### Material to process:
* * *
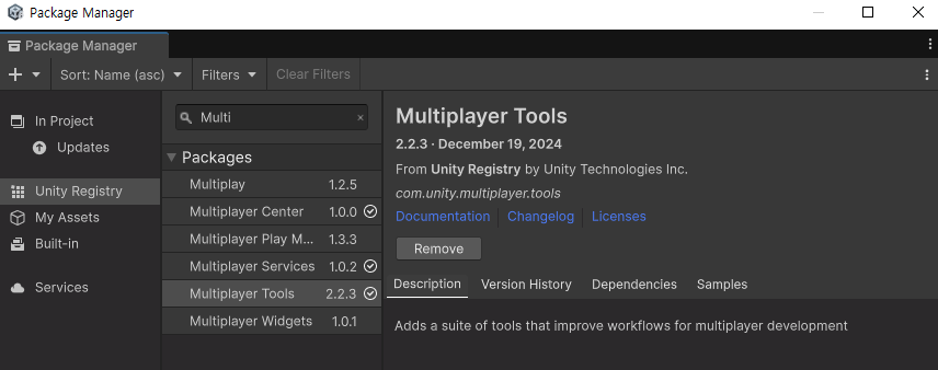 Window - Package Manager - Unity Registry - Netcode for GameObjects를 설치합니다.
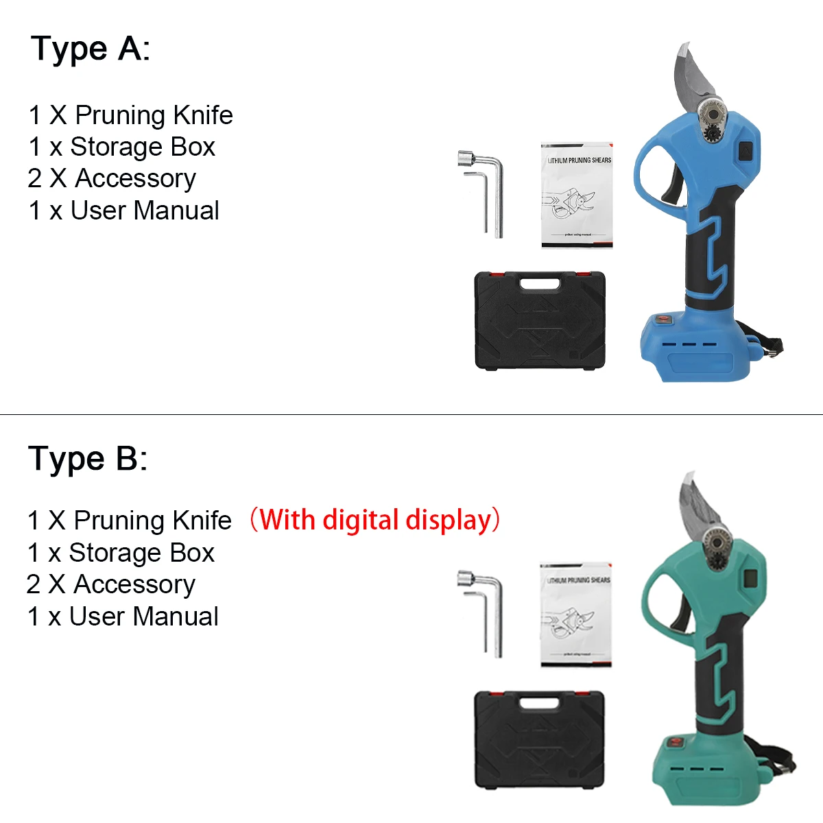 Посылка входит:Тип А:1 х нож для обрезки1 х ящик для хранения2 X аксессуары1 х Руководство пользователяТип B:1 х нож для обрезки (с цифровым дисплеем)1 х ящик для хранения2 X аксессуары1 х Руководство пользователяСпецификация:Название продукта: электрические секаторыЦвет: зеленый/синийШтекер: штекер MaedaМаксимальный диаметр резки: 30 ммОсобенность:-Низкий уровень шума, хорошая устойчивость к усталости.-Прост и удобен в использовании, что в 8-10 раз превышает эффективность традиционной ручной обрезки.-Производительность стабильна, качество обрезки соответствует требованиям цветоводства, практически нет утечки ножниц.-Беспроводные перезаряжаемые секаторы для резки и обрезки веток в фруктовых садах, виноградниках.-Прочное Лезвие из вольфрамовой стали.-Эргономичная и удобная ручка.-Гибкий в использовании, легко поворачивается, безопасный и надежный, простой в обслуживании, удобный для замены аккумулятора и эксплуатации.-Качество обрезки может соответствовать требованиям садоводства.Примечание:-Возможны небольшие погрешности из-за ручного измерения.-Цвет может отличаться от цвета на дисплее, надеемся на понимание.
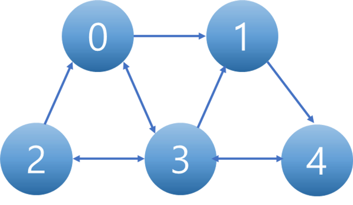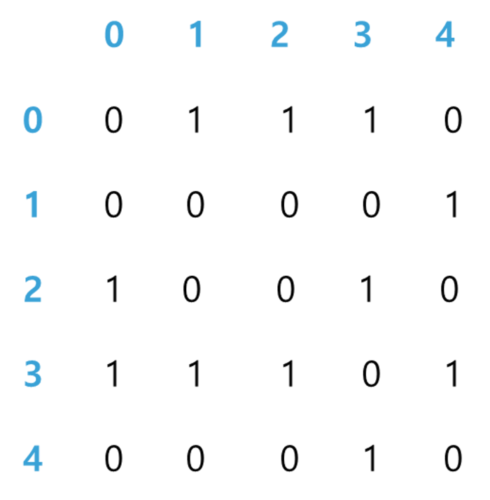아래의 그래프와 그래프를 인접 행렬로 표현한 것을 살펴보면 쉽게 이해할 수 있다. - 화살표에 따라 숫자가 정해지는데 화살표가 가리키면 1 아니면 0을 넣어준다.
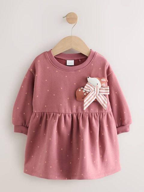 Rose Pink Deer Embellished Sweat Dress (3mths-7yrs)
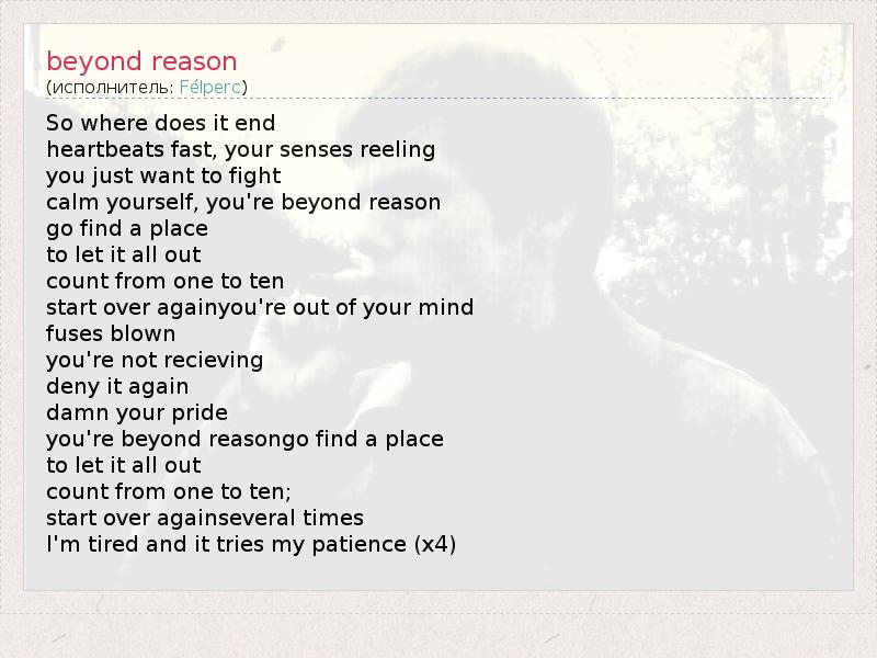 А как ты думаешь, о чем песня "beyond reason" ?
* * *
### Assignment:
Without copying the pictures, transcribe the entries exactly.

### Response area:
 Window - Package Manager - Unity Registry - Netcode for GameObjects를 설치합니다.
 Посылка входит:Тип А:1 х нож для обрезки1 х ящик для хранения2 X аксессуары1 х Руководство пользователяТип B:1 х нож для обрезки (с цифровым дисплеем)1 х ящик для хранения2 X аксессуары1 х Руководство пользователяСпецификация:Название продукта: электрические секаторыЦвет: зеленый/синийШтекер: штекер MaedaМаксимальный диаметр резки: 30 ммОсобенность:-Низкий уровень шума, хорошая устойчивость к усталости.-Прост и удобен в использовании, что в 8-10 раз превышает эффективность традиционной ручной обрезки.-Производительность стабильна, качество обрезки соответствует требованиям цветоводства, практически нет утечки ножниц.-Беспроводные перезаряжаемые секаторы для резки и обрезки веток в фруктовых садах, виноградниках.-Прочное Лезвие из вольфрамовой стали.-Эргономичная и удобная ручка.-Гибкий в использовании, легко поворачивается, безопасный и надежный, простой в обслуживании, удобный для замены аккумулятора и эксплуатации.-Качество обрезки может соответствовать требованиям садоводства.Примечание:-Возможны небольшие погрешности из-за ручного измерения.-Цвет может отличаться от цвета на дисплее, надеемся на понимание.
아래의 그래프와 그래프를 인접 행렬로 표현한 것을 살펴보면 쉽게 이해할 수 있다. - 화살표에 따라 숫자가 정해지는데 화살표가 가리키면 1 아니면 0을 넣어준다.
 Rose Pink Deer Embellished Sweat Dress (3mths-7yrs)
 А как ты думаешь, о чем песня "beyond reason" ?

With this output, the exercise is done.